The main advantage of studying mathematical reasoning is that its results serve as very good tools for improving reasoning and problem-solving capabilities. Some of the branches of discrete mathematics are combinatorics, mathematical logic, Boolean algebra, graph theory, coding theory etc.

This article is about the concept of Mathematical Reasoning Class 11. Mathematical reasoning chapter is not only essential for board exams but also for competitive exams like the Joint Entrance Examination (JEE Main), and other entrance exams such as SRMJEE, BITSAT, WBJEE, VITEEE, BCECE, and more.

What is Mathematical Reasoning?

Mathematical reasoning is the logical thought process used to analyze, deduce, and infer properties, structures, and patterns within mathematical frameworks.

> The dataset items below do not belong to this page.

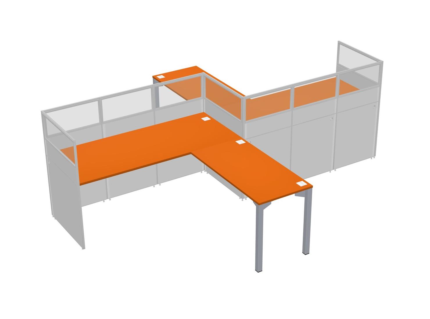 Postes De Travail En L Orange Pour 2 Personnes - Formation En Zigzag + Retour De Panneau
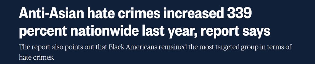 根据仇恨与极端主义研究中心(Center for the Study of Hate and Extremism)汇编的数据,2022 年反亚裔仇恨犯罪增加了 339%。全国各地发生的针对亚裔的残暴袭击事件成为全国性新闻的头条。当川普总统将新冠称为 “中国病毒 “时,反亚裔的仇恨情绪变得十分突出。
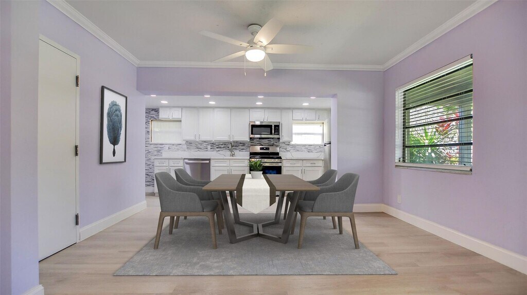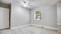 COURTESY OF Town Real Estate Refined three-bedroom, two bathroom home located in the highly desirable Croissant Park neighborhood. The freshly painted white interior enhances the bright, open feel while complementing the sleek contemporary kitchen and elegant gray laminate flooring throughout. Both bathrooms have been thoughtfully updated with modern finishes, and a dedicated laundry room with generous storage adds everyday practicality. Step outside to an inviting outdoor living area surrounded by expansive green space and manicured landscaping, offering a peaceful setting for relaxing or entertaining. Ideally situated just minutes from pristine beaches, the airport, major highways, and an array of dining and entertainment options, this property combines comfort with exceptional convenience. Available early April two thousand twenty-six, this home presents a wonderful rental opportunity in a prime location.
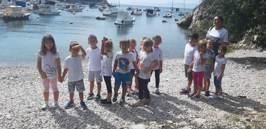 Vrijedni smo od samog početka pa smo već puno toga obilježili: Hrvatski Olimpijski dan šetnjom do mora u bijelim majicama, prvi dan jeseni, Dane kruha…. Svakodnevno boravimo na vanjskom prostoru. Igramo se na dvorištu, a često šetamo do mora ili do obližnjeg parka u Žuknici. Započeli smo s programom sporta pa sad dva puta tjedno vježbamo u dvorani vrtića. Proslavili smo i mnoge rođendane, uvijek u veselom raspoloženju.
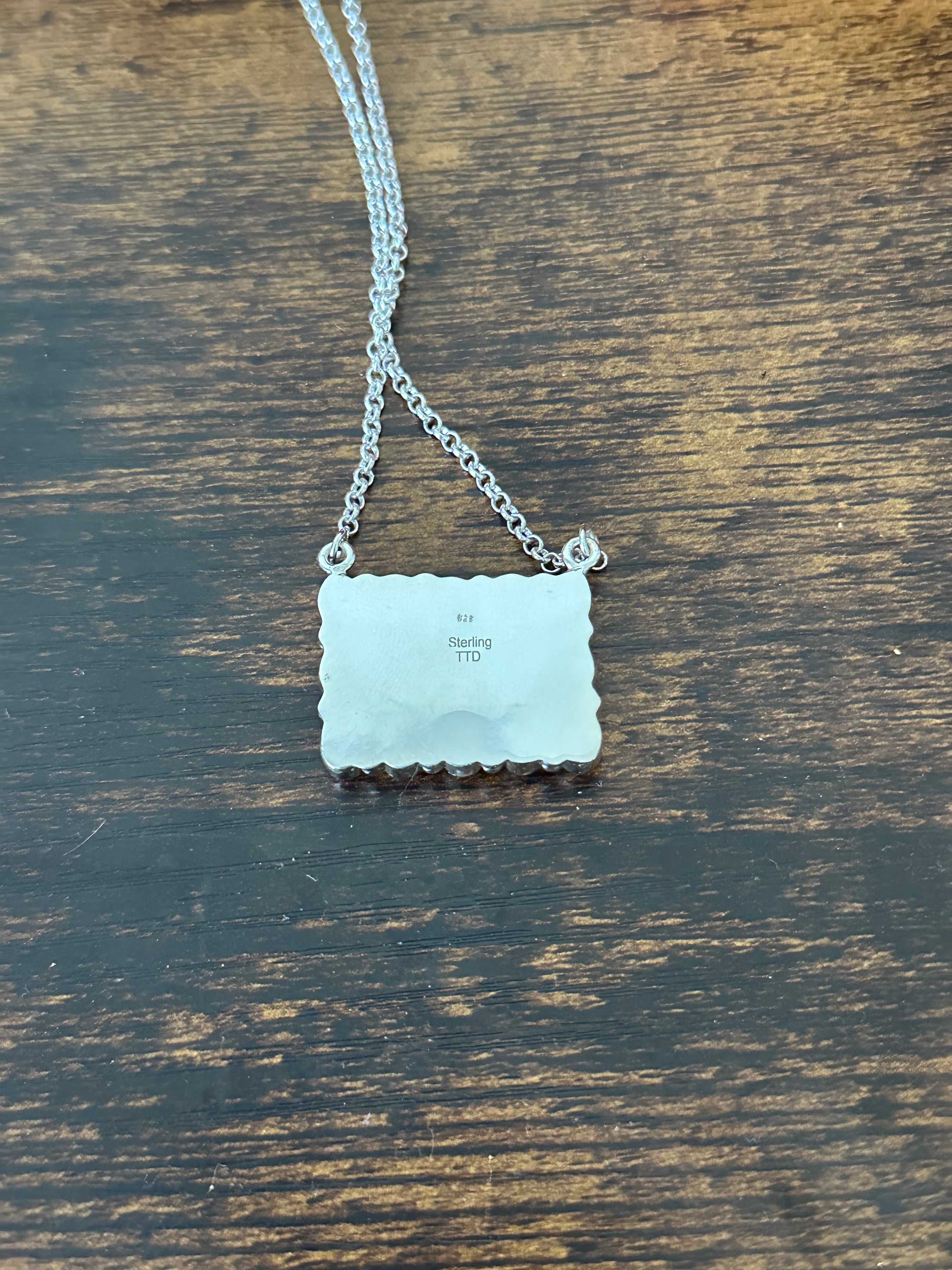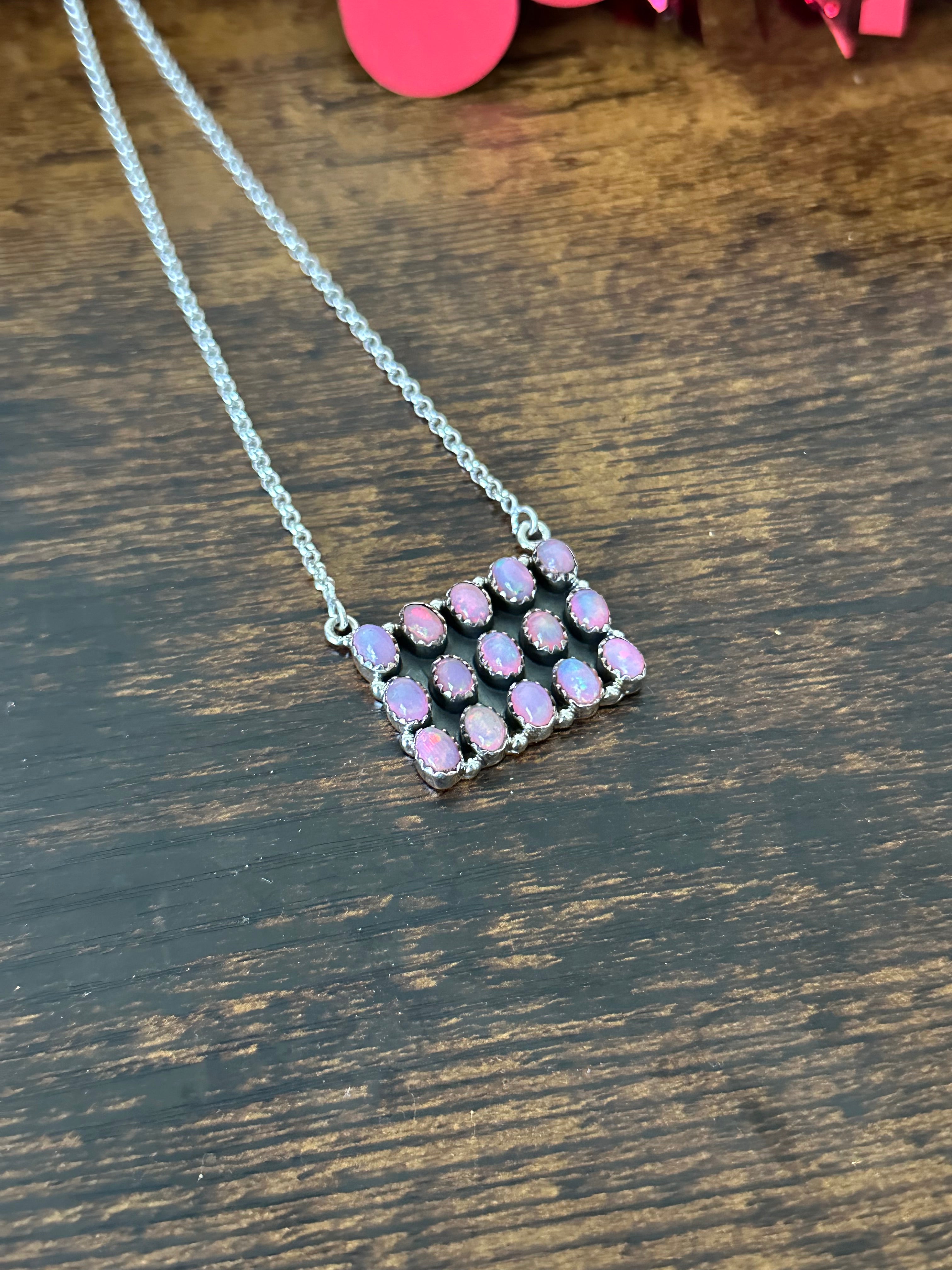 Beautiful necklace. Southwest Handmade Opal (Man Made) & Sterling Silver Cluster Necklace. It measures 21 inches long with hang while the chain by itself measures 19 inches long but can be adjusted down. Signed by the artist and stamped sterling silver.

A mathematical statement is the basic unit of any mathematical reasoning. A sentence is called a mathematical statement if it is either true or false but not both. A true statement is called a valid statement and a false statement is called an invalid statement.

For example,

1. ‘Mumbai is in India’ is a statement because it is true.

2. Mount Everest is the highest mountain in the world.

3. $3+4=8$.

4. $(10-x)=7$.

5. '$x$ is a prime number' is NOT a mathematical statement as it can either be true or false depending on the value that the variable $x$ takes. Such statements are also called Open statements.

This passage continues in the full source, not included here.